Ralph Nader, look out. There's a new consumer advocate in town, and he's gunning for your job. New York Attorney General Eliot Spitzer was already famous for his several investigations of the mutual fund industry, then for prosecuting Express Scripts (NASDAQ:ESRX) for fraud. Recently, Spitzer brought the full weight of the New York Attorney General's office down on little clothier Jos. A. Bank (NASDAQ:JOSB), accusing the company of engaging in "potentially misleading or false advertising" of its clothing as being "on sale."

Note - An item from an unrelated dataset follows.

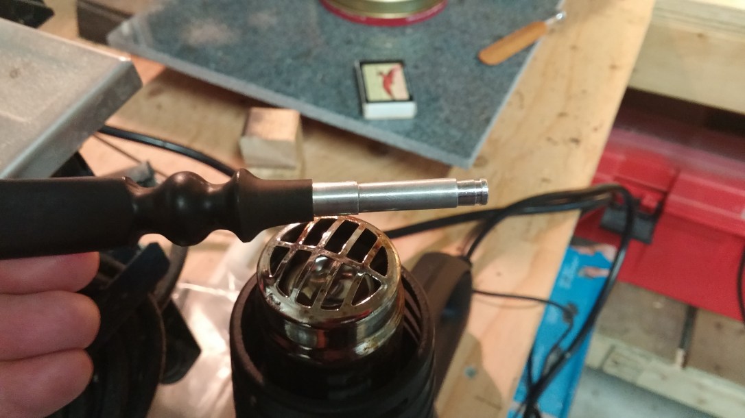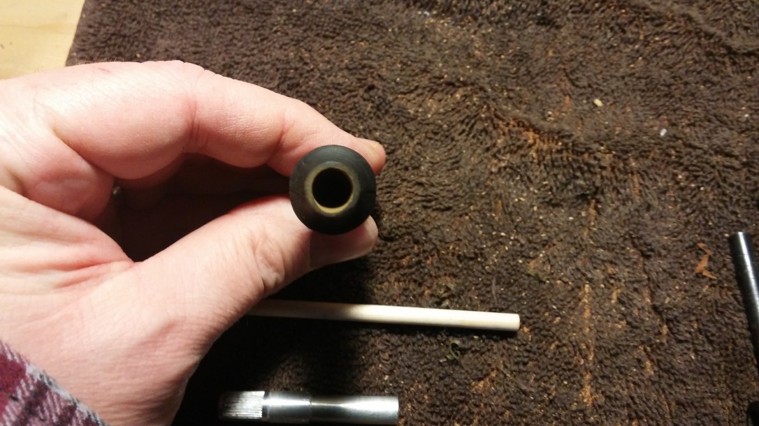 The 1/4″ mortise I drilled was slightly smaller than the knurled end of the aluminum tenon. I did this on purpose to achieve a tight, lasting fit when I heat-set the tenon. To do this, I warmed the business end of the vulcanite stem over the heat gun until it was soft enough for me to push the tenon into place. When the stem cooled, it shrunk back to size, gripping the tenon tightly as it did.

In a contest between the Trial Lawyers' State and a suit merchant from rural Maryland, it comes as no surprise that Spitzer came out on top in this battle. Yesterday, Jos. A. Bank (Joe) agreed to settle the charges for $475,000 and to change its advertising strategy. What strategy was it that had Spitzer so upset, you ask? Well, it wasn't anything novel. Or even terribly misleading. On almost any given day that you walk into one of Joe's stores, you will see signs all around you advertising a "sale." The name of the sale, the size of the discounts available, and other variables are always changing, but it doesn't take long to realize that there is pretty much always one sale or another going on over at Joe's place.

Spitzer certainly noticed. And it got him really mad that, in contrast to other retailers, who advertise sales on only the rare occasions of Independence Day, Labor Day, Flag Day, Presidents Day, Groundhog Day, Earth Day, and Tues-Day, Joe actually has sales running 99% of the days out of the year. Huge difference there. Well worth a lawsuit. Bravo.

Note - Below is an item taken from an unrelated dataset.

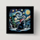 Van Gogh Starry Night Festive Christmas Black Cat Button
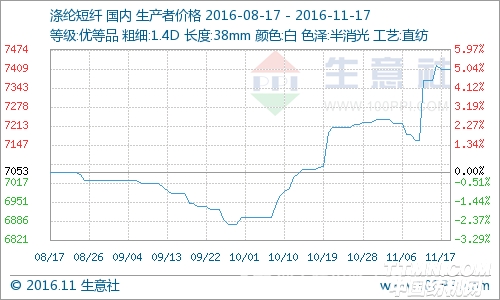 据生意社价格监测显示,11月17日涤纶短纤市场价格平稳,截止目前,1.4D*38mm的涤纶短纤市场均报价在7408元/吨,与上一日价格持平,同比上涨8.05%。

But enough with the sarcasm. What does this settlement mean to investors in Joe? Not much, I suspect. Yes, Joe will have to change its marketing strategy, and probably nationwide. States with empty coffers are not likely to pass up an easy half mil in cash when all they have to do is photocopy New York's complaint and negotiate settlements of their own.

But I doubt that the forcible change in its pattern of sales will really hurt Joe all that badly. After all, Spitzer is essentially asking the company to raise its standard prices. Hardly a threat to profit margins. In the alternative, Joe could just as easily switch marketing strategies to imitate the successful campaigns ongoing at retailers such as CarMax (NYSE:KMX), Wal-Mart (NYSE:WMT), Costco (NASDAQ:COST), BJ's (NYSE:BJ), and General Motors' (NYSE:GM) Saturn unit. Instead of running perpetual "sales," Joe can just advertise its wares as "low prices, all the time," and customers shouldn't notice any difference. Nor should Joe's investors.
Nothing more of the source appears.